Exactly the lines from the line that has "Os números de" through the final line below are to be retyped, and the pictures are not.
= = = = = = =
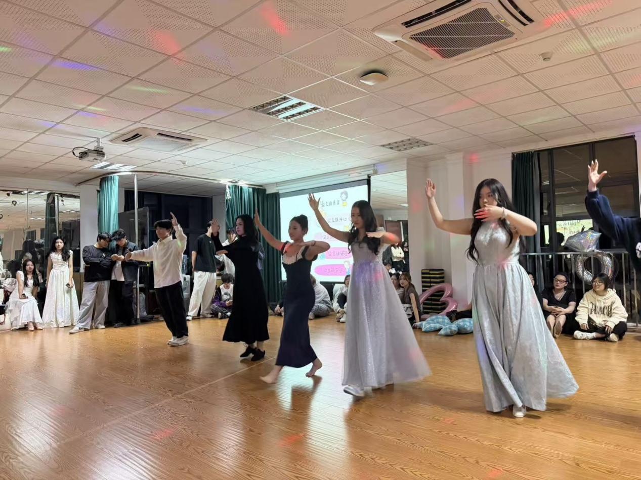 灯光流转间,同学们换上精致的礼服,伴着悠扬的舞曲翩翩起舞,国标舞不同舞种的魅力在现场交织绽放。大家以舞为媒,在旋转与律动中增进友谊,也在沉浸式的艺术体验中,深化了对“美”的感知与表达。这场舞会早已超越了舞蹈技巧的学习,成为一场兼具美育熏陶与社交实践的成长课堂。
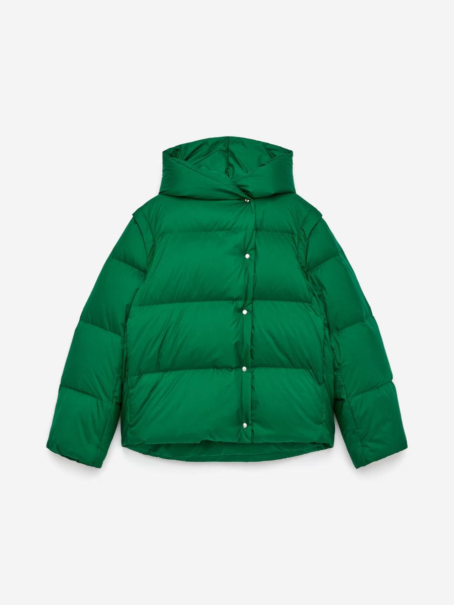Padded puffer jacket with a shawl collar and hood, featuring press-stud fastenings and zip pockets. Detailed with a zip pocket on one sleeve and elasticated hem. The sleeves are detachable.ARKET/Women's clothes/Women's coats and jackets/Women's jackets
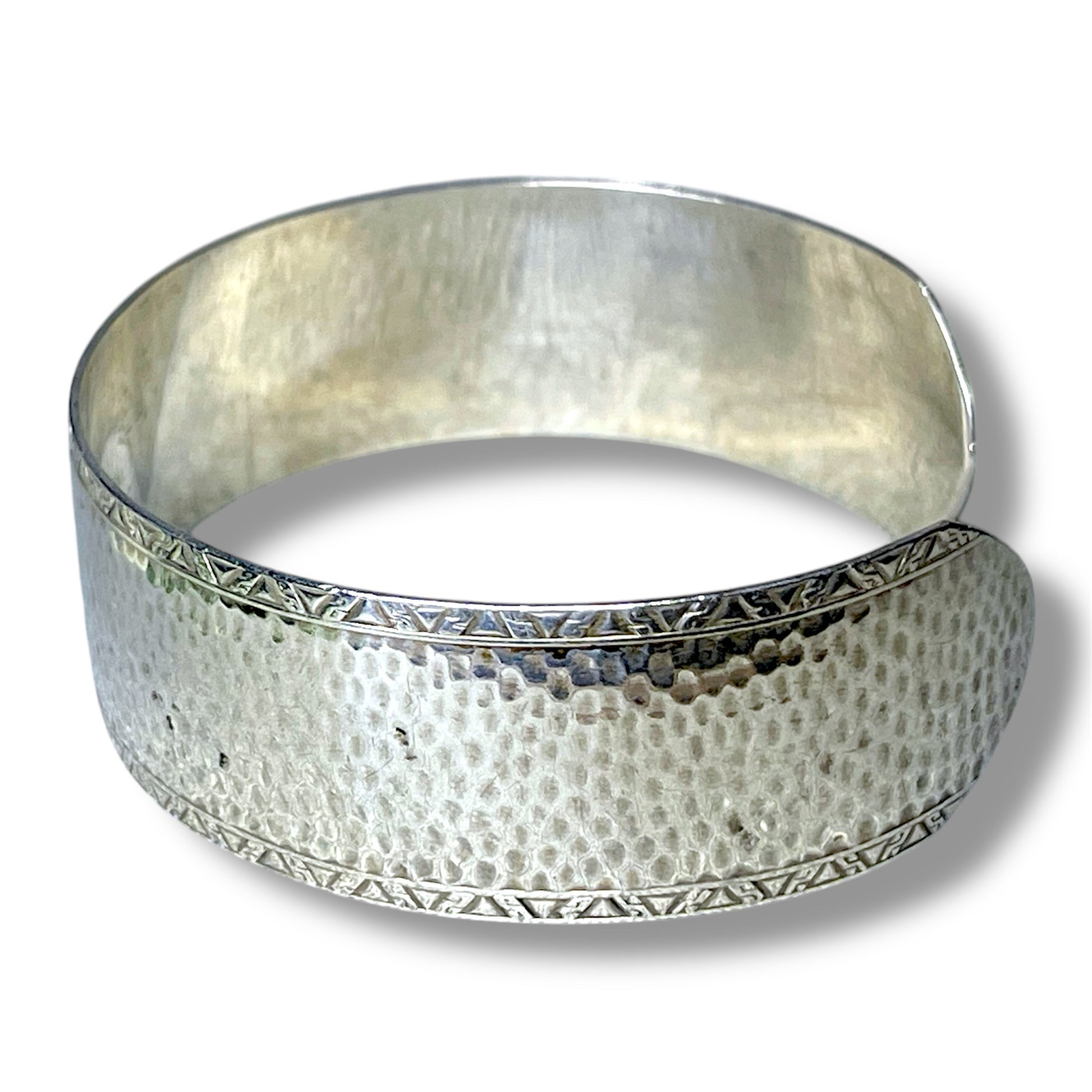 Vintage Hammer Finish Sterling Silver Wide Cuff Bracelet
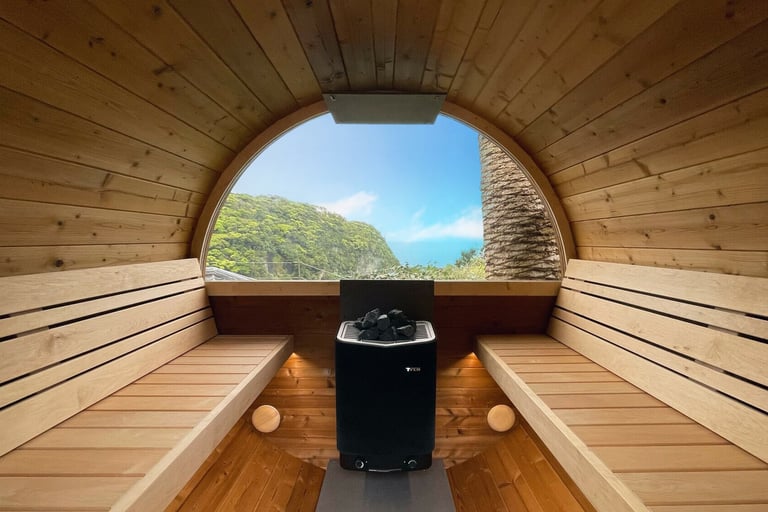 104㎡の広さを誇る「ubaraスイート 花芙蓉(はなふよう)」には、露天風呂とオープンバルコニーが付いており、鵜原漁港からの潮の香りに包まれながらゆったりとしたひとときを。プライベートサウナと半露天風呂付きの「サウナスイート 自若荘(じじゃくそう)」には水風呂、ととのいスペースも併設。海を眺められるテラスでは暖炉も楽しめます。50m程の洞窟を通った先にある離れの「海音(うみね)」は、広々と落ち着いた空間なので、ゆったりとした時間過ごしたい方や、お子様連れにもおすすめ。
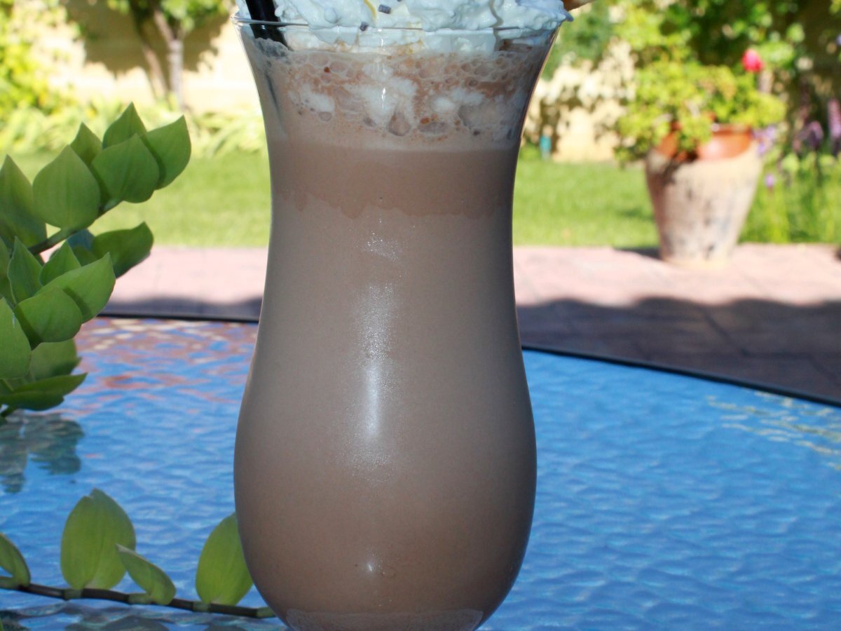 Batido de helado de chocolate con leche PostreFácil15 min758 Kcal Enviar esta receta a un amigo Imprimir esta página Preguntar al autor Publicar la foto de esta receta Batido Ingredientes 4 4 bolas de helado de chocolate (ver receta aqui) 4 vasos de leche 4 cucharaditas de cacao en polvo 4 cucharaditas de azúcar Nata montada en spray (para acompañar) Fideos de chocolate (pata adornar)
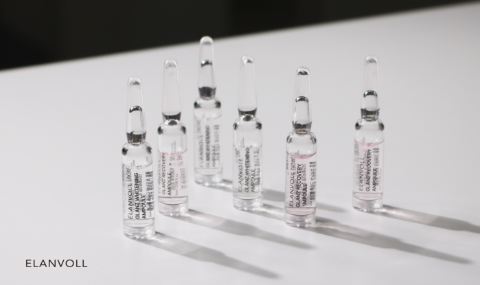 미백 앰플 '글란츠 화이트닝 솔루션 키트'는 알바수련꽃, 레몬머틀잎, 사과 추출물을 복합으로 함유한 MELAWAY™원료가 포함되어 피부의 톤과 탄력 개선에 도움을 준다.
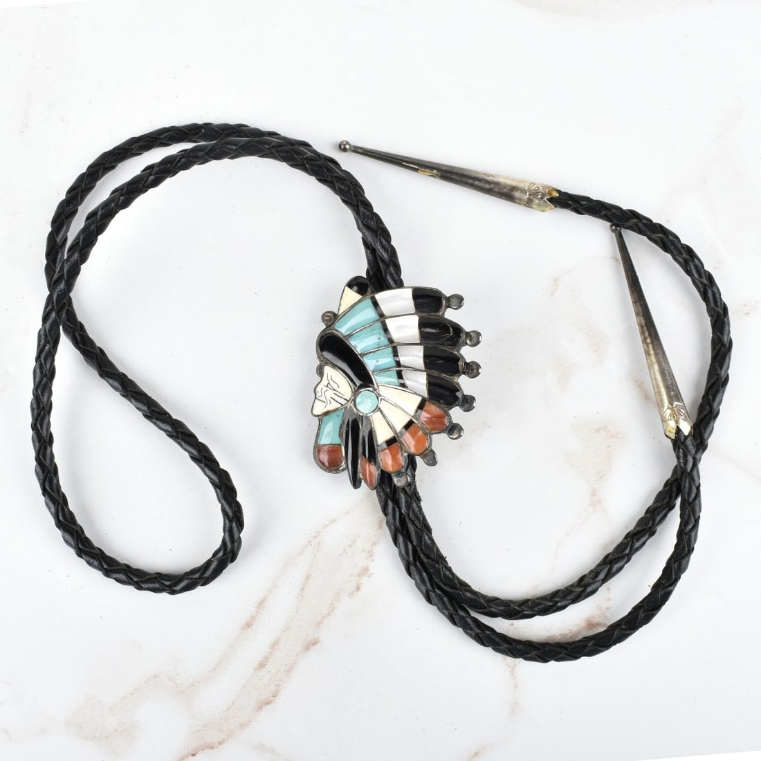 Vintage Zuni Turquoise Coral Acoma Jet & Mother of Pearl Inlay Bolo TieBilly The Kid Auction House4.8(865)$25(1 bid)Mar 08, 2026
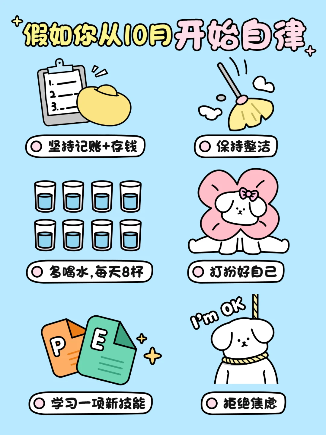 10月啦~ 自律了吗?坚持了吗?够卷了吗? 这个10月,按照我总结的这份清单去试着做! 养出自律体质,想不优秀都很难! 自律即自由~加油! 秀起来~ 女性成长 女生必看 健康养生 自律 自律女孩 自律打卡 爱自律的自己 努力成为更好的自己 成长 生活
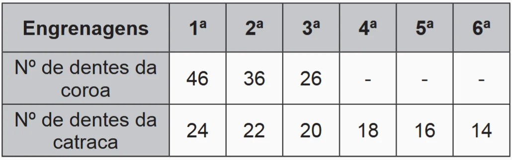 Os números de dentes das engrenagens das coroas e das catracas dessa bicicleta estão listados no quadro.
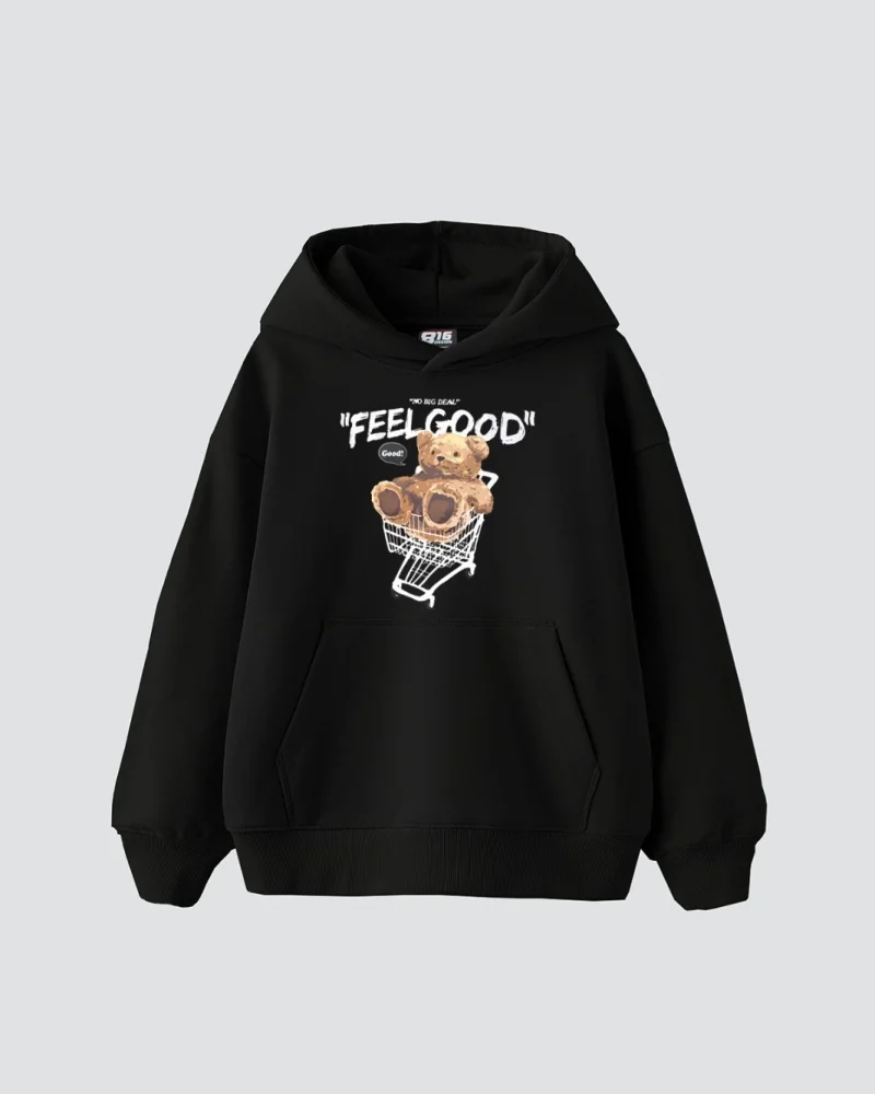 Feel Good Baskılı Oversize Unisex Siyah Hoodie
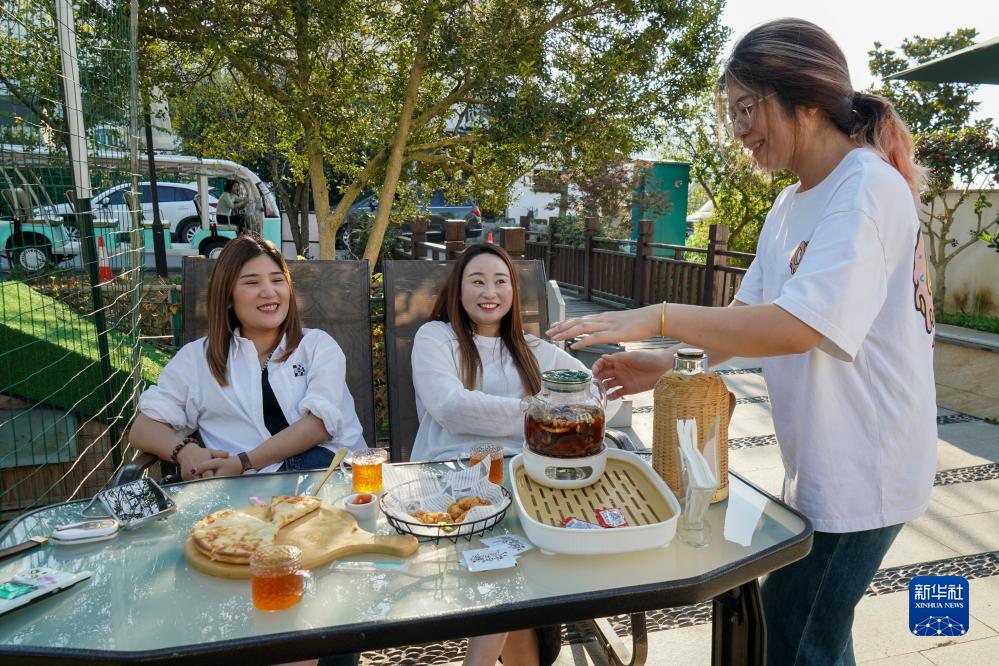 在樹山村的一家民宿內,工作人員(右)在為游客倒茶(11月2日攝)。
= = = = = = =
● RESPONSE TO THE EXERCISE
 Os números de dentes das engrenagens das coroas e das catracas dessa bicicleta estão listados no quadro.
 Feel Good Baskılı Oversize Unisex Siyah Hoodie
 在樹山村的一家民宿內,工作人員(右)在為游客倒茶(11月2日攝)。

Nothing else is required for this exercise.